Visiting the grandparents
When I was a kid, I quite often used to go and stay with my grandparents on my mum’s side.
They lived in a suburban house on the edge of town, a bus ride from the city centre. My grandad could drive but my granny couldn’t.
History repeats itself.
We’re at the in-laws this week; my children’s grandparents on their mum’s side. They live in a suburban house on the edge of town, a bus ride from the city centre. Their grandad can drive but their nanna can’t.
It’s all very familiar.
But the superficial similarities disguise some important differences. (Not least when I went to stay with my grandparents, we were allowed in the actual house…..)
Granny and Grandad’s house:
This was the house in which I went to stay in the 1990s:
They lived in a suburban street in Hangleton, on the edge of Brighton. The houses are a mix of detached and semis, with large front and back gardens and off-street parking.

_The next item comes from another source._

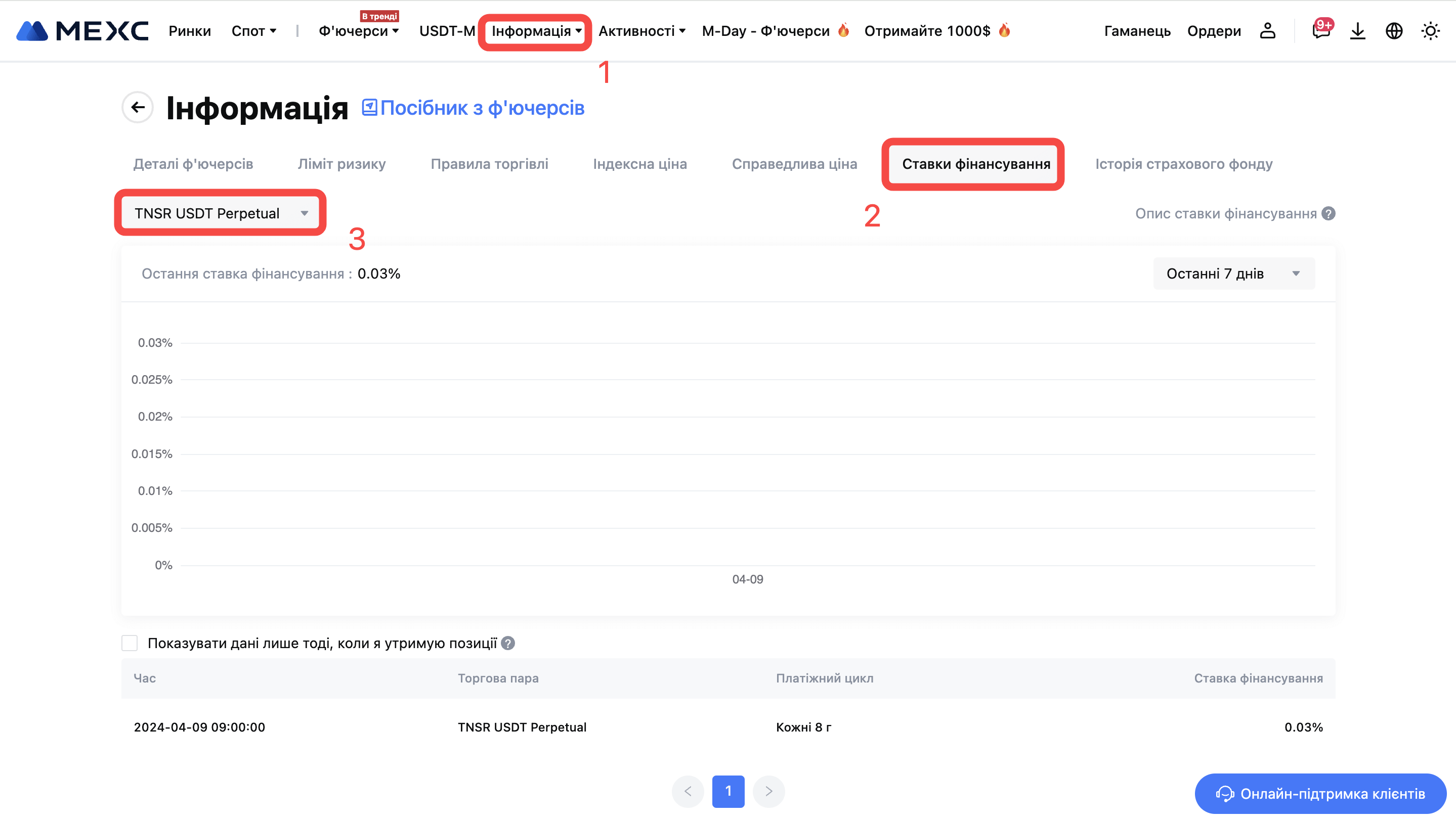 Остання інформація про ставки фінансування наведена у вкладці Інформація - Ставки фінансування
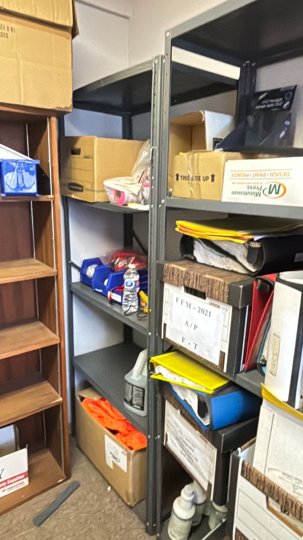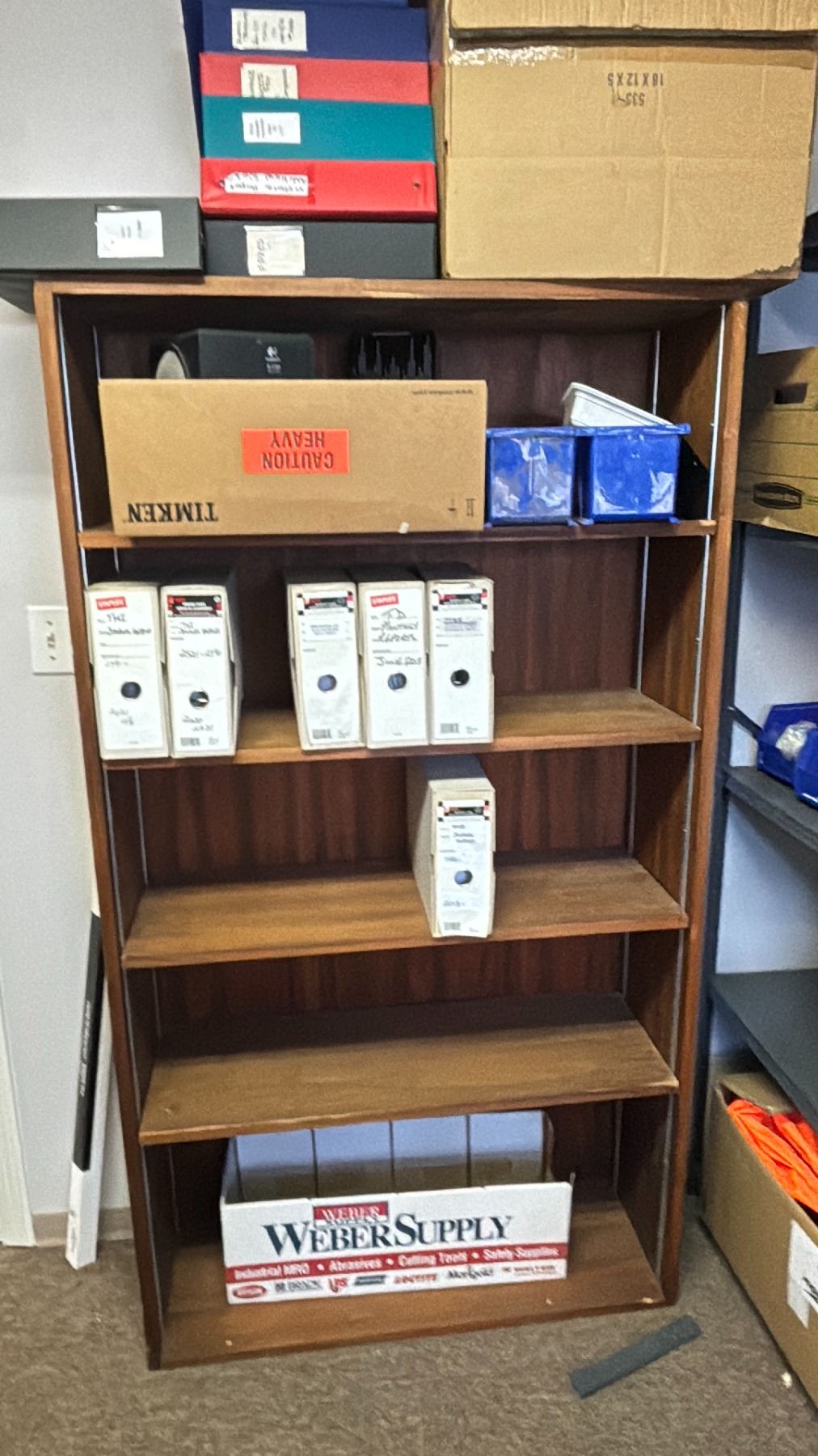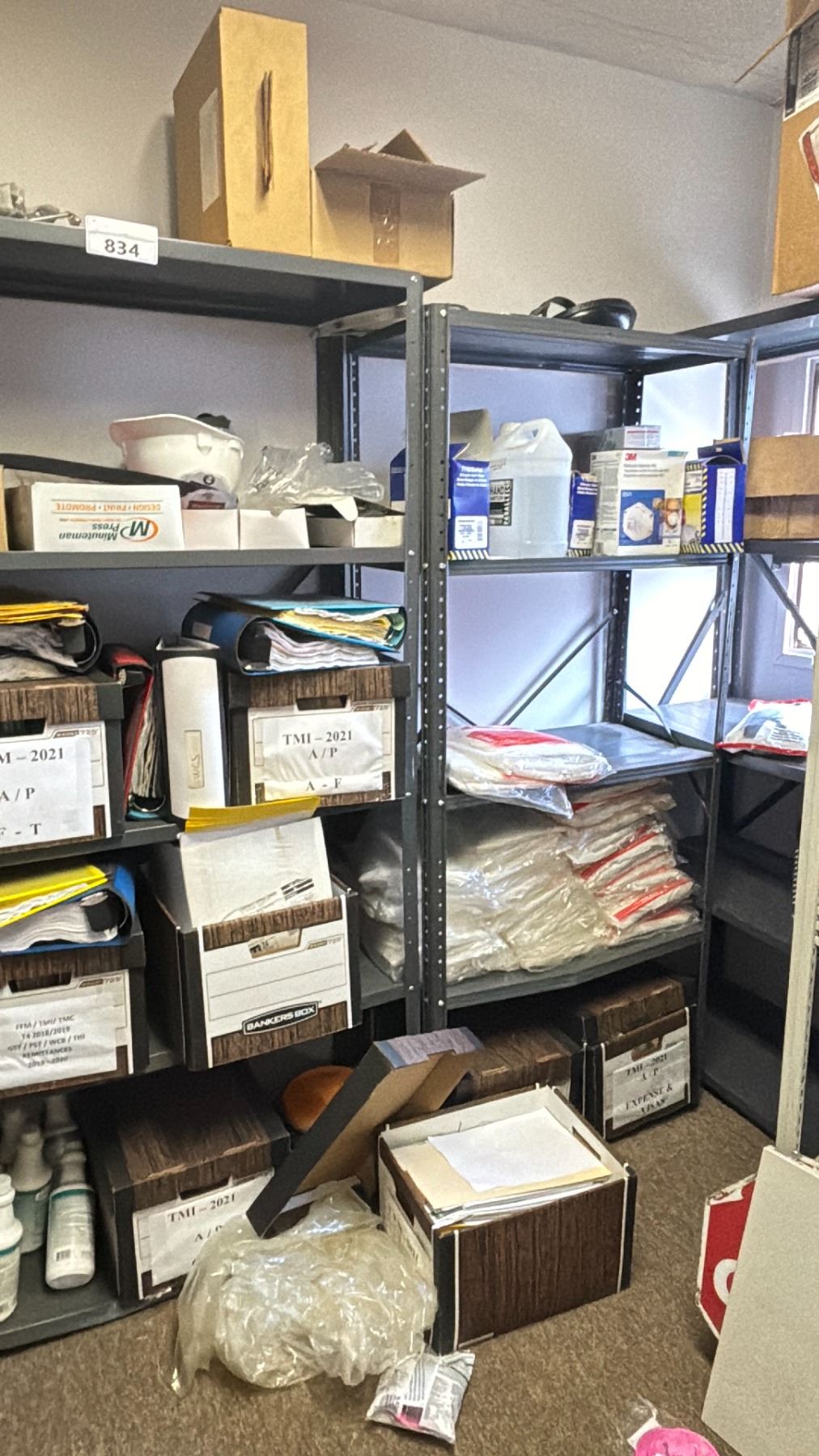 6 ASSORTED SHELVING UNITS ( METAL & WOOD ) WITH ASSORTED MISCELLANEOUS ** NOT INCLUDING ANY BUSINESS FILES/PAPERWORK **

But while the houses are good for car-users, note the bus stop in the foreground. My Granny and I would sit in the front room and listen for the sound of the brakes on the hill up the street, step out and hail the bus.
The reason a bus was able to come down my Granny’s street is because it is straight and wide, so a bus route can usefully get from A-B along it.
Here’s a map of Hangleton. You can see the bus stops distributed right through the suburb - on the streets people live on:
Nanna and Grandad’s house
Here’s the house we take my daughters to:
Nanna and Grandad’s house is a very similar size, with a near-identical room layout. But it was built in the modern era, so there is no possibility of a bus stop outside as the road is a dead-end; like all the roads in the area:
Buses can’t penetrate any of the streets on which people live, so they’re relegated to an outer ‘ring road’ of the suburb. This street has no houses, so can be intimidating. On the day the Google car drove past, it was bright and sunny. But after dark, their local bus stop doesn’t have the same atmosphere:
Whereas my granny and I could step out of the house onto the bus, a trip into town from Nanna’s house is a bit more of an expedition.
My Granny’s house had buses passing the front door every few minutes; Nanna’s house cannot.
This is engineered into the design of these suburbs; kids growing up in Halewood are likely to learn to drive at the first opportunity because it will give them freedom from a windswept bus stop; and because the streetscape (dominated by off-road parking with most streets, though not my in-laws’, having no pavements) shouts to you about a car-based life.
What’s more important for a bus strategy?
The DfT has just started the process of updating the Manual for Streets. This worthy tome, last updated in 2007, sets out excellent design principles that - if adopted - should prevent this kind of thing.
But this study shows that it is not being used. 1 in 5 housing schemes should not have been granted planning permission, and developers are getting badly designed schemes through on appeal.
As part of the bus strategy, the DfT should be putting pressure on colleagues in the Department for Communities and Local Government to ensure that the Manual for Streets is not just written, but used.